As you will see in the documentary if you watch it (and please do), those starkly vicious comments are not exactly a one off. “C*nt”? Seriously? From a Beeb man? Whatever next?! Real ale instead of Prossecco?
It turns out Sweeney has quite a temper on him as I hope you’ll see for yourself. And he really shows himself up at the end when he gets well and truly Panorama’d! Watch it below, or here at BitChute if the YouTube version below becomes mysteriously “Unavailable”:
I would also like to applaud one of our most famous British institutions, Oxford University, for having the courage to invite Tommy Robinson, perhaps the single most hated man in Britain, to speak at their campus and explain why he has the views he does. They did so despite the usual radical left-wing protestors doing their usual crap outside the event and trying to drown it out in any way they could.

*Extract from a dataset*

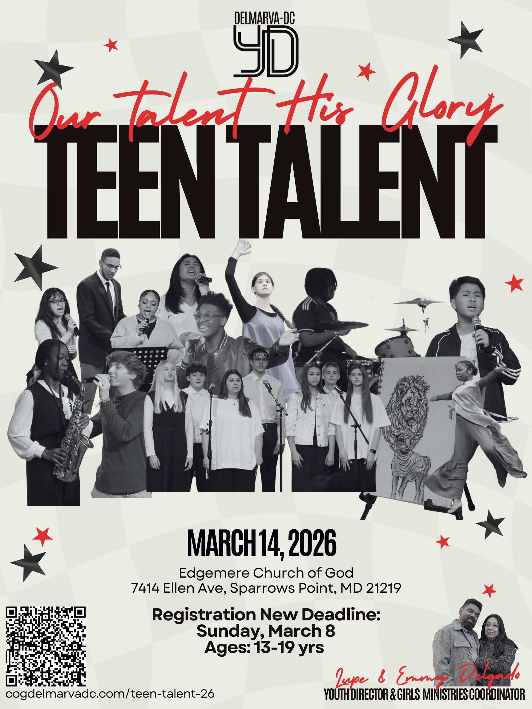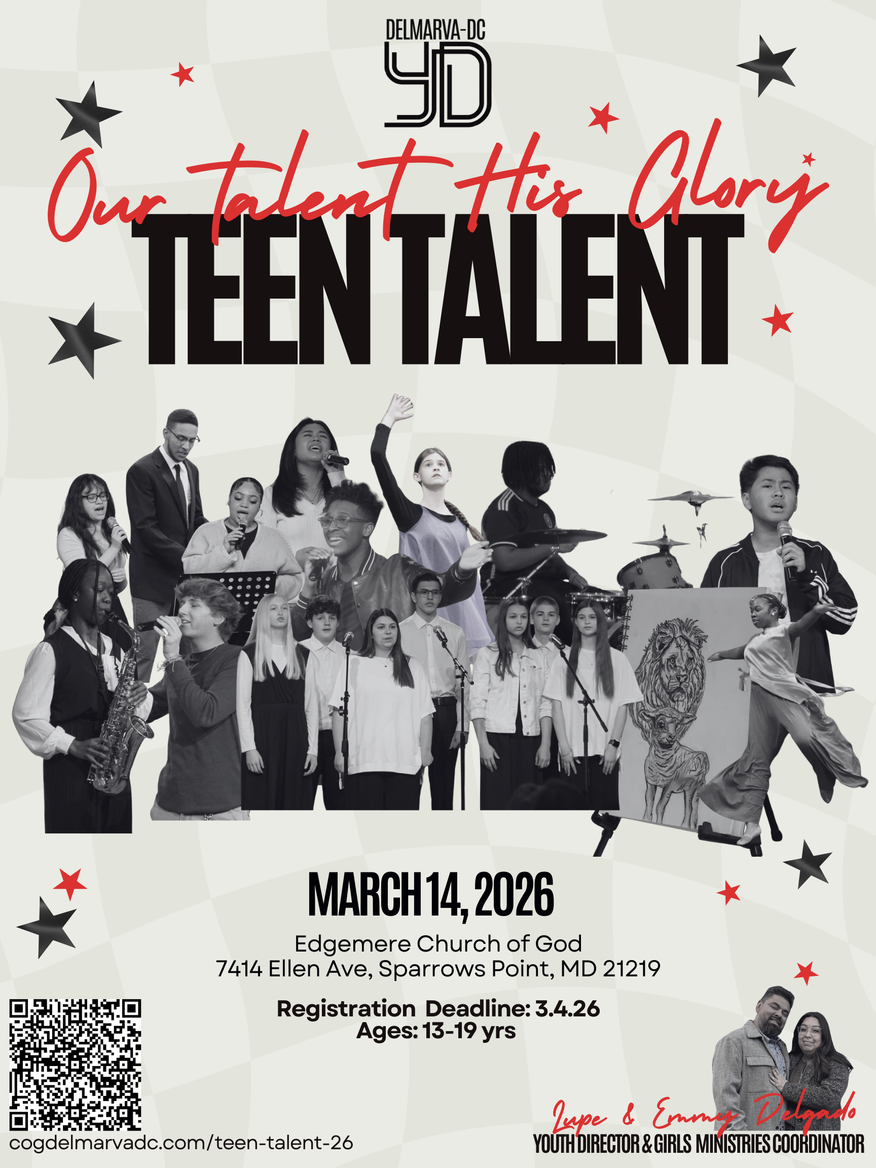 Teen Talent will be hosted by Edgemere Church of God on March 14th! Registration Deadline is on March 4th. If you have any questions please reach out to the Youth Department (410) 531-5351 ext. 5 or youth@cogdelmarva-dc.org.

I watched this talk several years ago and I felt quite proud to see some of our greatest minds sitting and listening to a man who most of them utterly despised, a man from a world most of them will never see: The poor and heavily Islamicised streets of Luton town in Bedfordshire.
The talk he gave at the Oxford Union can be watched below, after I spent a good while trying to find it thanks to Google censorship and algorithmic meddling. A presentation which has been watched over 3.2 MILLION times, just won’t seem to come up on a search. Funny that eh!
I searched for “Tommy Robinson Oxford Union” and this video was suppressed from the results, I then went to the Oxford Union channel and searched inside their channel for “tommy robinson” and up it came. The YouTube algorithm ‘should’ instantly suggest this massively popular video, but we can’t have that can we?
Please stick a finger in the eye of the censors and give this a watch if you really want to be amazed at how different the beliefs of Tommy Robinson are, compared to what they are claimed to be by the BBC liars, and indeed all mainstream media (read ‘attack dogs’). Here is the backup BitChute link again in case the video below ‘disappears’.
The stark difference betwen the real man known as Tommy Robinson, and the Nazi-like caricature painted by the entirety of the UK corporate media, was probably the most profound awakening for me to the massive bias and dishonesty of the taxpayer-funded British Broadcasting Corporation.